Luís Inácio Lula da Silva venceu a eleição no segundo turno, em 27 de outubro de

2002, mês em que o editorial da Folha Rural não abordou questões políticas. A partir de

apresentando-o com um provável indicado ao Ministério da Agricultura e elogiando seu

caráter conciliador. Em seguida, já confirmada a nomeação, a Cooxupé compromete-se

definitivamente com o futuro ministro, anunciando que junto com outras entidades do setor,

foi responsável pela indicação.

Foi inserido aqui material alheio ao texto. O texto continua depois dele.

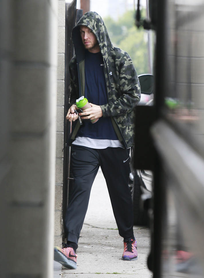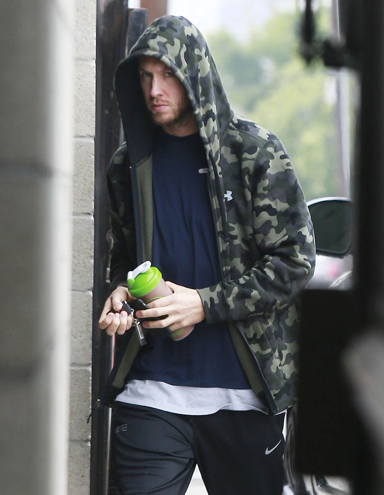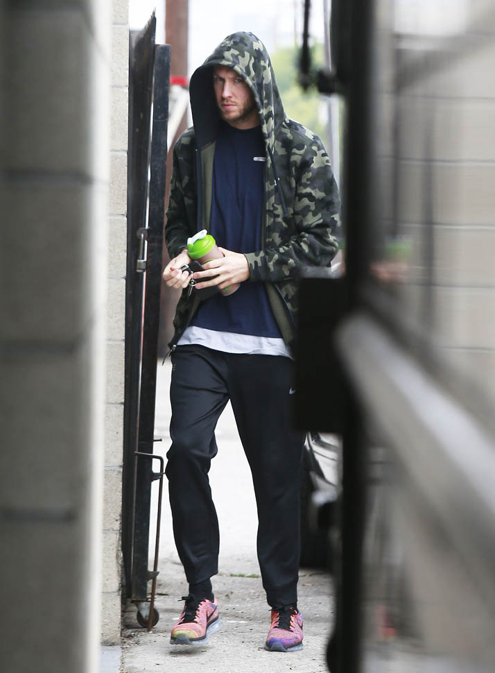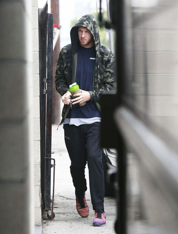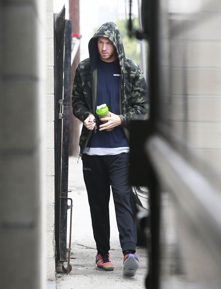 Attached - Calvin Harris heading to the gym the other day in Los Angeles.
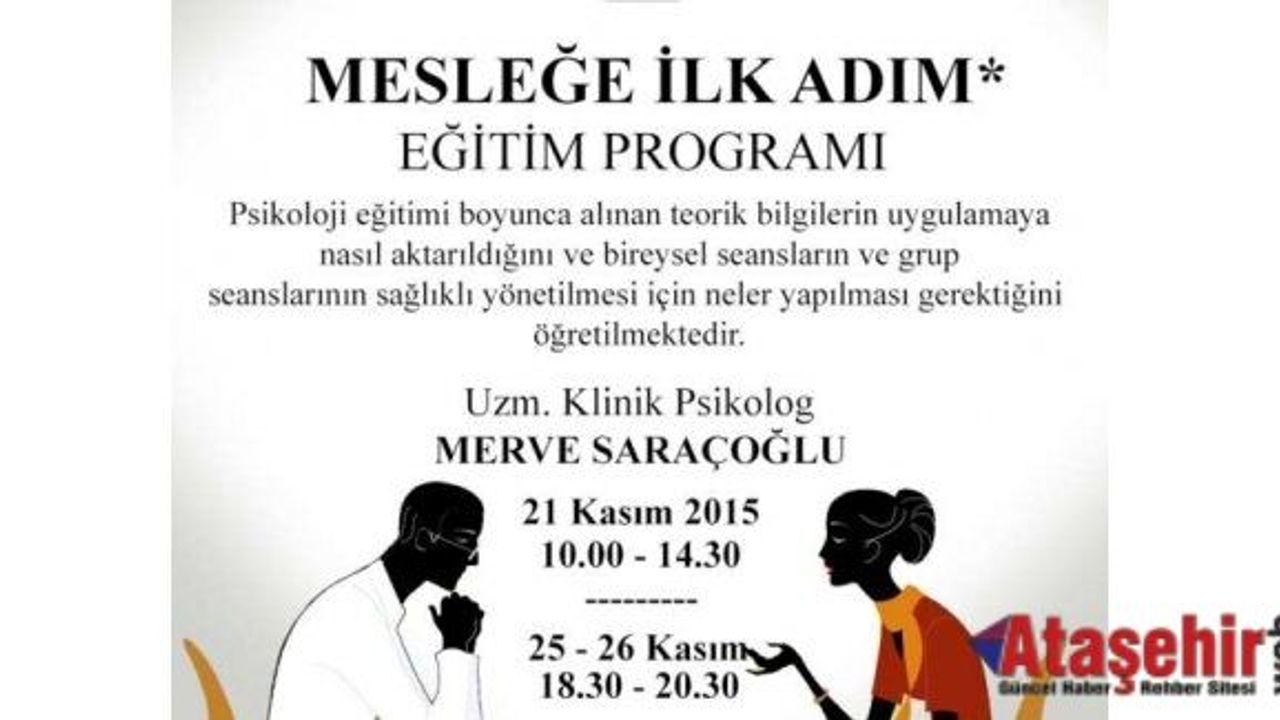‘Mesleğe ilk adım eğitim programı’ adı verilen bu özel eğitim; 21 Kasım ile 25-26 Kasım tarihlerinde Uzman Klinik Psikolog Merve Saraçoğlu tarafından gerçekleştirilecek.

A manchete do jornal na edição de dezembro é: “Roberto

Rodrigues no Ministério da Agricultura: ‘o homem certo no lugar certo’, afirma presidente da

Cooxupé”.

Em janeiro, sete páginas, das 20 que circularam, foram destinadas à cobertura da

posse do ministro. Mas em todos os momentos, não há vinculação de Roberto Rodrigues com

o PT ou com Lula. O nome do novo presidente da República permanece oculto na Folha

Rural. Era como se o novo ministro, amigo pessoal de Isaac Ferreira Leite, não fizesse parte de uma equipe de governo.

O Informativo Coopemar foi menos passional na cobertura das eleições presidenciais. As mesmas medidas de socorro à cafeicultura foram anunciadas positivamente

na edição de agosto/setembro. Na edição seguinte, François Guillaumon reconhece que a

situação só não é pior em função dos leilões, mas ainda assim, afirma que os produtores estão

“no fundo do poço”. Em dezembro, com o resultado da eleição já conhecido, o editorial trata

apenas de assuntos internos.

Em março de 2003 o presidente da Coopemar elogia a nomeação de Roberto

Rodrigues para o ministério e demonstra esperança: “Isso mostra parte do respeito que este

governo do Lula poderá ter por nós, diferentemente dos governos passados, que pouco se

importaram com os agricultores e Cooperativas”. É a primeira e única vez que o nome do

presidente empossado é publicado nos dois jornais, e mesmo assim, sem a preocupação ou o

cuidado de quem refere-se respeitosamente a um presidente da República.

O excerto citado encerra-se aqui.